**WORK ORDER:**
Would you transcribe the entries below, beginning at the line with "El propio Reglamento" and ending after the line with "Σκληρή επίθεση στη", exactly, with no picture and nothing more?

Items listed in a dataset
*** Begin section ***

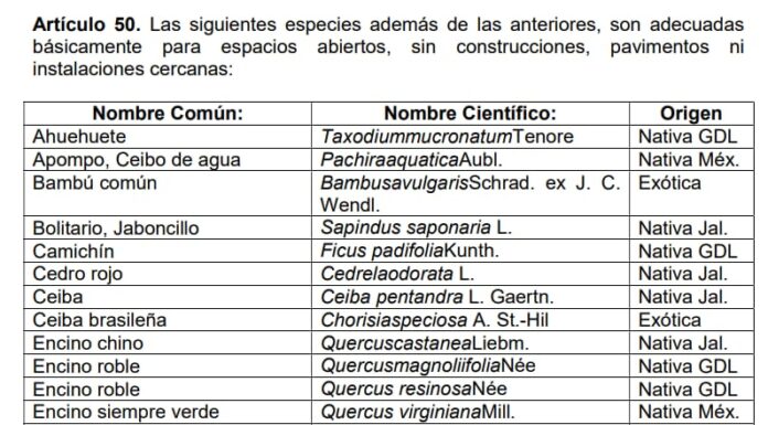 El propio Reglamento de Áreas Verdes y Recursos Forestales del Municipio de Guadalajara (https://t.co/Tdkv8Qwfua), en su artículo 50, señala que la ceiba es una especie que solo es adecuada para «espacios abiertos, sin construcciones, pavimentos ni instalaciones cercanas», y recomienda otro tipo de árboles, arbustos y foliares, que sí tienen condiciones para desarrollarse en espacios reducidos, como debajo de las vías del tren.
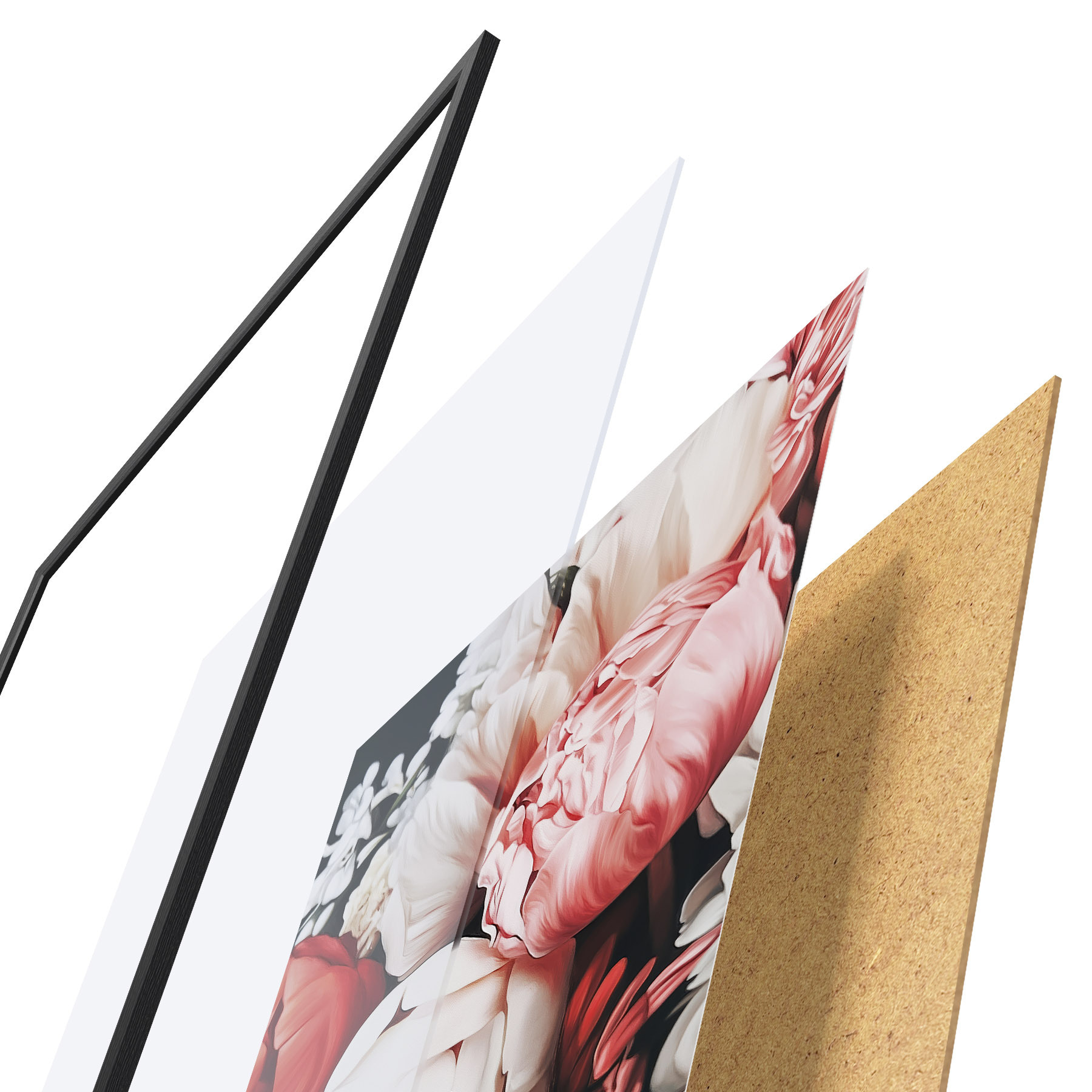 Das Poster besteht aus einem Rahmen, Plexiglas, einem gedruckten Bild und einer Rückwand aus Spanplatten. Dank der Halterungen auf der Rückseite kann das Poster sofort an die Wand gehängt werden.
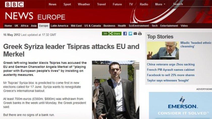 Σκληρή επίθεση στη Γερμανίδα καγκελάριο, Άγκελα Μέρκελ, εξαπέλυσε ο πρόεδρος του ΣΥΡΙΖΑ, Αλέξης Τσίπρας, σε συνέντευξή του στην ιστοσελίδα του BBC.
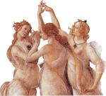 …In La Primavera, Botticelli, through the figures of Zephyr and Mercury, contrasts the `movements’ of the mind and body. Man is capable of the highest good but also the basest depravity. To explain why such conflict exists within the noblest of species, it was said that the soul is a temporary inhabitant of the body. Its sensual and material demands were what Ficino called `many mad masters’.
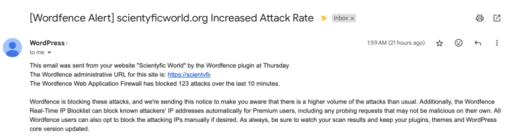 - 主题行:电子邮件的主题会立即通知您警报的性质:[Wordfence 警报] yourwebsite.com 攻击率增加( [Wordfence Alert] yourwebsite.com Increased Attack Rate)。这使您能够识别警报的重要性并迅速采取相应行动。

*** End section ***
*** Begin section ***

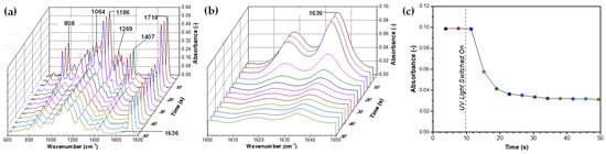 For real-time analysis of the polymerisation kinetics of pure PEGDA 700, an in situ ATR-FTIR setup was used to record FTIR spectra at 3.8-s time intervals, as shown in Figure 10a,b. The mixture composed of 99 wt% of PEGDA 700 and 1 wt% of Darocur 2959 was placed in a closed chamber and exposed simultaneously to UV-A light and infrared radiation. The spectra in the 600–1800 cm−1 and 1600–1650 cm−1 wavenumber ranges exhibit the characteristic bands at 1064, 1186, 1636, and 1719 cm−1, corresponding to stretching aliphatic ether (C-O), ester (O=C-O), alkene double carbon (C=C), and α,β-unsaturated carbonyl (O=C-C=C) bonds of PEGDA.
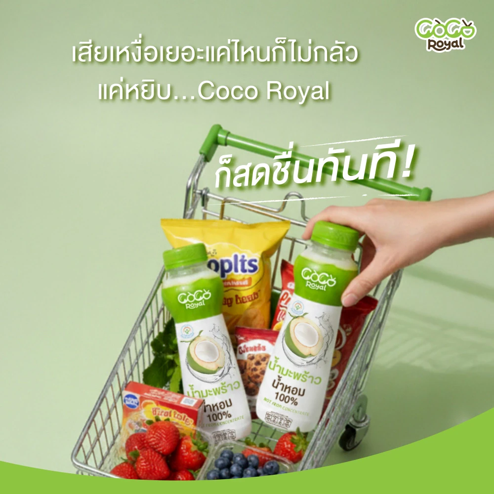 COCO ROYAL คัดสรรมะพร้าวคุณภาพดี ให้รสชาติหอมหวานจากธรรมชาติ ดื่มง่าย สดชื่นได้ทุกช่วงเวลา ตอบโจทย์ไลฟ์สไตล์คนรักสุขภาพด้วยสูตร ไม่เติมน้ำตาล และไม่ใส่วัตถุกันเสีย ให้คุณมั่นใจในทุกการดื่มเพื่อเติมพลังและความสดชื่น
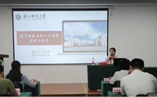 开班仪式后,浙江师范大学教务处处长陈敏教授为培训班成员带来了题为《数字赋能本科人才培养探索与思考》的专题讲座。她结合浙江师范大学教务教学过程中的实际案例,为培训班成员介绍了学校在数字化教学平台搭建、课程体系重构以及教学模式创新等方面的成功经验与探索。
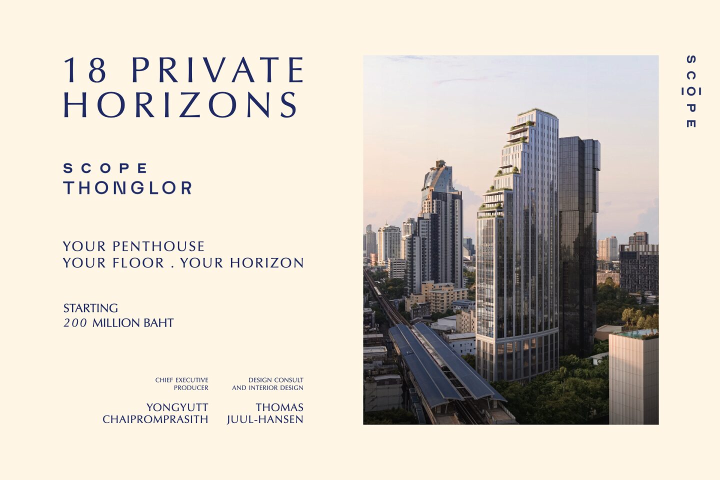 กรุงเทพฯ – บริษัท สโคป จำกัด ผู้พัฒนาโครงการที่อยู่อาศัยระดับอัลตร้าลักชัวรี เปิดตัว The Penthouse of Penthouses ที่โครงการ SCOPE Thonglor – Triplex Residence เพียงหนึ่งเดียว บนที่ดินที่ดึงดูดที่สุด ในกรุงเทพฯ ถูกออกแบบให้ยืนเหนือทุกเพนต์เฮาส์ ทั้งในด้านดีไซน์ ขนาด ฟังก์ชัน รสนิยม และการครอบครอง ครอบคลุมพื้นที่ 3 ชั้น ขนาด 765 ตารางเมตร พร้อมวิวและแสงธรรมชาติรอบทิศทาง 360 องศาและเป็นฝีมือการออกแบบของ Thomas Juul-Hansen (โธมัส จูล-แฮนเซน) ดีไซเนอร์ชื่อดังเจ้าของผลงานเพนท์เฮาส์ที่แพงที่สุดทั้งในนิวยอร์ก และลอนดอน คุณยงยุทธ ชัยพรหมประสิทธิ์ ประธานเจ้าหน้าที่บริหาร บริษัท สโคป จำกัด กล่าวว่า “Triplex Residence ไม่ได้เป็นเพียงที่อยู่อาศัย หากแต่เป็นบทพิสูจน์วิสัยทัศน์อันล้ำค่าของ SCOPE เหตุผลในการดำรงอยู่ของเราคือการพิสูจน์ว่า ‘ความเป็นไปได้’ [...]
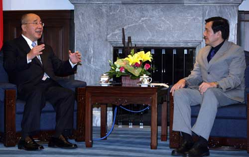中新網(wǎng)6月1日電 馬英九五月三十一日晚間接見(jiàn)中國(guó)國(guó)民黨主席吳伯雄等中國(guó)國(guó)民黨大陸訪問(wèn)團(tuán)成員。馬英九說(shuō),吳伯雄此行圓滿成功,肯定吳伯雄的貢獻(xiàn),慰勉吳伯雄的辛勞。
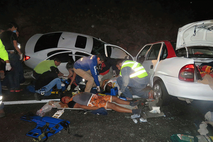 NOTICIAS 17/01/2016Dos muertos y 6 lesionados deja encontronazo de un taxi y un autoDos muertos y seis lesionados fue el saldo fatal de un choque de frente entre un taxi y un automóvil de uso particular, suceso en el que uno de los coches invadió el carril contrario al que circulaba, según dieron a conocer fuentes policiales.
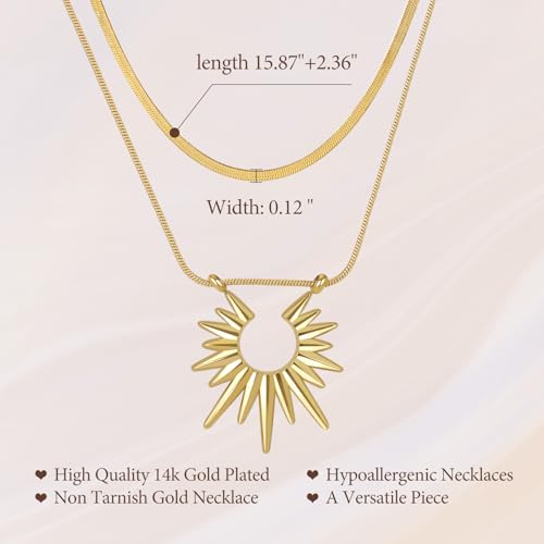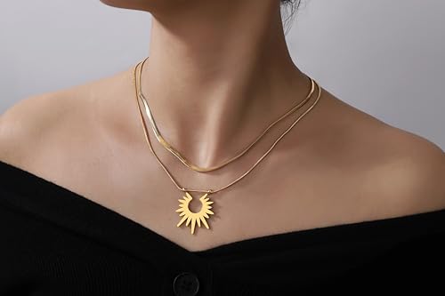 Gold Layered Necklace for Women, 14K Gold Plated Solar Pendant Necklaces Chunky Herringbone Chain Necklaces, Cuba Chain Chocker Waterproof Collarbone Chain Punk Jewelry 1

*** End section ***

**TASK RESPONSE:**
 El propio Reglamento de Áreas Verdes y Recursos Forestales del Municipio de Guadalajara (https://t.co/Tdkv8Qwfua), en su artículo 50, señala que la ceiba es una especie que solo es adecuada para «espacios abiertos, sin construcciones, pavimentos ni instalaciones cercanas», y recomienda otro tipo de árboles, arbustos y foliares, que sí tienen condiciones para desarrollarse en espacios reducidos, como debajo de las vías del tren.
 Das Poster besteht aus einem Rahmen, Plexiglas, einem gedruckten Bild und einer Rückwand aus Spanplatten. Dank der Halterungen auf der Rückseite kann das Poster sofort an die Wand gehängt werden.
 Σκληρή επίθεση στη Γερμανίδα καγκελάριο, Άγκελα Μέρκελ, εξαπέλυσε ο πρόεδρος του ΣΥΡΙΖΑ, Αλέξης Τσίπρας, σε συνέντευξή του στην ιστοσελίδα του BBC.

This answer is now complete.